2.1 Tier 1 — STABLE (identity + behavioral guidance; cached, rarely mutated)

In assembly order:

  1. Agent identity~/.hermes/SOUL.md (loaded via load_soul_md() in agent/prompt_builder.py), falling back to a hardcoded DEFAULT_AGENT_IDENTITY if absent. This is slot #1 of the prompt.
  2. Tool-aware behavior guidance — a set of named constant blocks: memory guidance, session-search guidance, parallel-tool-call guidance, skills guidance, a Hermes-help pointer.
  3. Task-completion guidance — anti-fabrication / use-the-tools directives (config-gated).
  4. Model-specific operational guidance — different nudges for Gemini vs. GPT/Codex vs. Grok (e.g., "execute, don't describe" for models prone to narrating tool use).
  5. Skills index — a structured list of available skills (name + category + short description), built by build_skills_system_prompt(). This is the menu; full skill bodies load on demand (see §3.4 progressive disclosure).
  6. Environment hints — WSL/Termux detection, Python toolchain probe, etc.
  7. Coding posture + git-status snapshot — cached once per session (agent/coding_context.py).
  8. Active-profile hint and platform hint (per-channel style: e.g. CLI "avoid Markdown, use simple text", Telegram "lean into rich Markdown", etc., overridable in config).

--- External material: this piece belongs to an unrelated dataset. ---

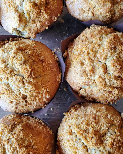 Muffins au citron et aux graines de pavot garnis d'un crumble à la cannelle.

2.2 Tier 2 — CONTEXT (project instructions; loaded at startup, held for the session)

  • One project context file, first match wins (priority order): .hermes.md / HERMES.md (walks up to git root) → AGENTS.md (cwd) → CLAUDE.md (cwd) → .cursorrules / .cursor/rules/*.mdc (cwd). Injected under a # Project Context header. Hermes natively reads AGENTS.md and CLAUDE.md — the same convention files we use.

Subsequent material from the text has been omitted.